To address the speaker independence of our features we implemented two techniques. Firstly, we z-score normalised our AAM features, in which each feature point is recalculated as the number of standard deviations from the mean of that dimension. Secondly, we also weighted each feature dimension by the mutual information. Effectively, this is a measure of dependency between the AAM dimension and the classes (where a viseme is a class). In this way, we hope that we give greater importance to the dimensions which are most speaker independent, and least weighting to those that are least consistent across speakers.

Diagram

The LID system developed is an adaptation of a technique called Parallel Phone recognition followed by Language Modelling. It is ostensibly a number of Single PRLM systems running in parallel with a back-end classifier taking a stacked vector of the likelihoods from those systems giving a decision boundary to classify test data.

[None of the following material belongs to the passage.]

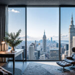 Beautiful cozy narrow study with floor to ceiling glass windows overlooking the city, view from the top of a skyscraper, beautiful sunset sky, maximalist, bookshelf, detailed photos, high resolution, photorealistic,

Results showed that we could achieve recognition accuracies above 80%, despite very low viseme recognition accuracies of around 30%. We ran a simulation to find out what level of accuracy is required for better language discrimination and found that that viseme recognition in the order of 40% is ideal for this two class case.

Diagram Diagram

New Database

In order to test the findings of our previous work more thoroughly, we decided to record a much larger video dataset. This new dataset comprises 35 speakers in total: 25 English speakers and 10 Arabic speakers. Crucially, all speakers are native to the language of their recital, ensuring that only the genuine cues of language are used to discriminate their speech. Since English and French share similarities in vocabulary and phonetic inventory, we decided to choose two languages which are much further apart linguistically and may be better discriminated. The new video data is recorded at a high frame rate of 60 frames per second and at full HD resolution.

References

Newman, J.L. & Cox, S.J. (2009). Automatic visual-only language identification: A preliminary study. In ICASSP '09: Proceedings of the Acoustics, Speech, and Signal Processing, 2009. on Conference Proceedings., 2009 IEEE International Conference (Paper Accepted), IEEE Computer Society, Washington, DC, USA.